DEAR DOCTOR K: I have BPH. I have some urinary symptoms, but because I work from home they’re not difficult to manage. Is there any danger in not actively treating my condition?

DEAR READER: Benign prostatic hyperplasia, or BPH, is the most common cause of prostate enlargement. As the name suggests, BPH is harmless; it does not lead to prostate cancer.

Up to two-thirds of men with BPH never develop any symptoms. Others find that BPH can make life miserable. You seem to be somewhere in between.

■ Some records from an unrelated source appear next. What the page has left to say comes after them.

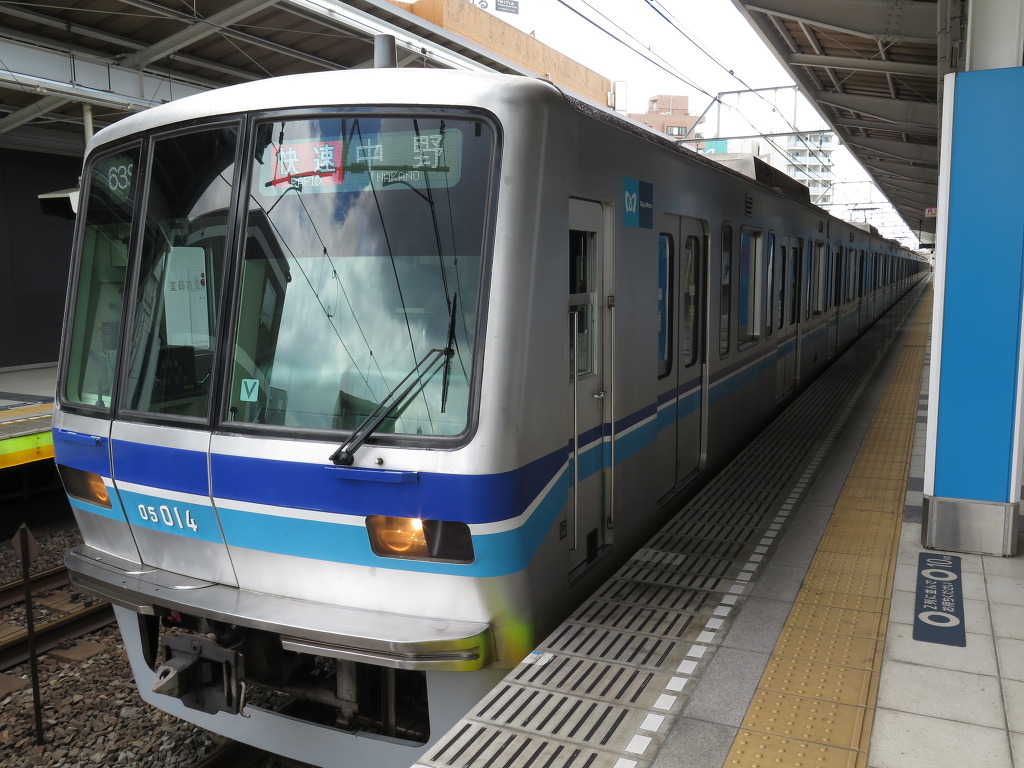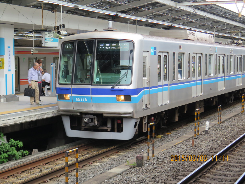 다시 니시후나바시역으로 워프해서, 도쿄메트로 도자이선 승강장으로 왔습니다. 들어오자마자 도요카츠다다이행 05계가 보이는데요, 14편성이면 도자이선 본선에서 운행하는 05계중 최고참이겠네요. 1~13편성은 개조, 수출, 폐차등으로 인해 차적에서 삭제된 상태인데요, 05계 하면 뭐니뭐니해도 13차에 걸쳐 도입하는동안 차수별로 스펙이 완전히 제각각이라는게 포인트죠.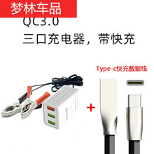 适用于电瓶车手机充电器12V24V通用摩托车电瓶车载快充蓄电池usb转接头 5A三口充电器+Type-c快充线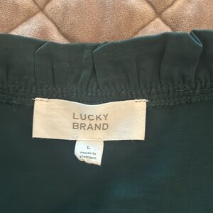 Lucky Brand Emerald Satin Dress with Sleeves. Like New Worn once. Sz L.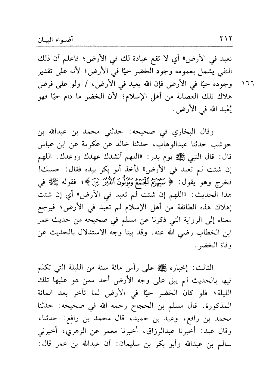 تعبد في الأرض" أي لا تقع عبادة لك في الأرض؛ فاعلم أن ذلك النفي يشمل بعمومه وجود الخضر حيًّا في الأرض؛ لأنه على تقدير وجوده حيًّا في الأرض فإن الله يعبد في الأرض، ولو على فرض هلاك تلك العصابة من أهل الإسلام؛ لأن الخضر مادام حيًّا فهو يعبد الله في الأرض.
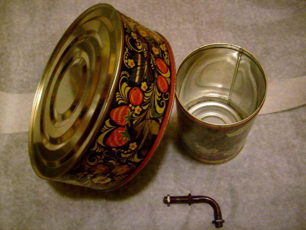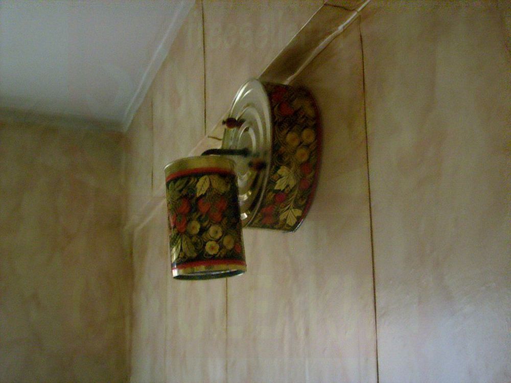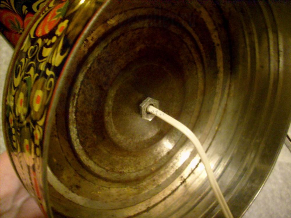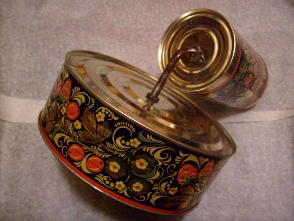 Жестяные банки с хохломской росписью, отслужившие своё и испорченные изнутри коррозией, могут пригодиться вам в другом качестве. Из них выйдет оригинальный настенный светильник, особенно подходящий для кухни. Большая широкая банка станет основанием и, кстати, позволит нам закрыть место выхода проводки наружу. Плафон же мы соорудим из узкой высокой банки. Кроме них, нам понадобятся электрический патрон, провод, изолента, четыре гайки, два длинных шурупа и полая трубка с резьбой для крепления банок друг к другу.

The most common symptoms of BPH involve changes or problems with urination. They include:

• a hesitant, interrupted or weak urine stream;

• a strong urge to urinate repeatedly throughout the day and night, even if there’s not a lot of urine in the bladder;

• leaking or dribbling urine;

• a sense of incomplete emptying;

• more frequent urination, especially at night.

If your symptoms don’t bother you too much, you and your doctor may choose to do nothing other than watchful waiting. This involves regular monitoring but no treatment. Most physicians advise against active treatment for men with mild symptoms because the side effects of the treatment can outweigh the potential benefits.

Even if you choose to forgo treatment, your doctor should regularly monitor you for complications. BPH can increase your risk of urinary tract infections and, possibly, bladder stones. The increased risk of infection comes from difficulty in fully emptying the bladder. If all the urine is not emptied out of the body, bacteria in the urine that remains inside the bladder can multiply rapidly.

Several medications exist to treat BPH Also, surgical treatments are more effective and have fewer side effects than ever before.

Usually, though, patience and lifestyle changes can give sufficient relief, and that’s what I recommend first.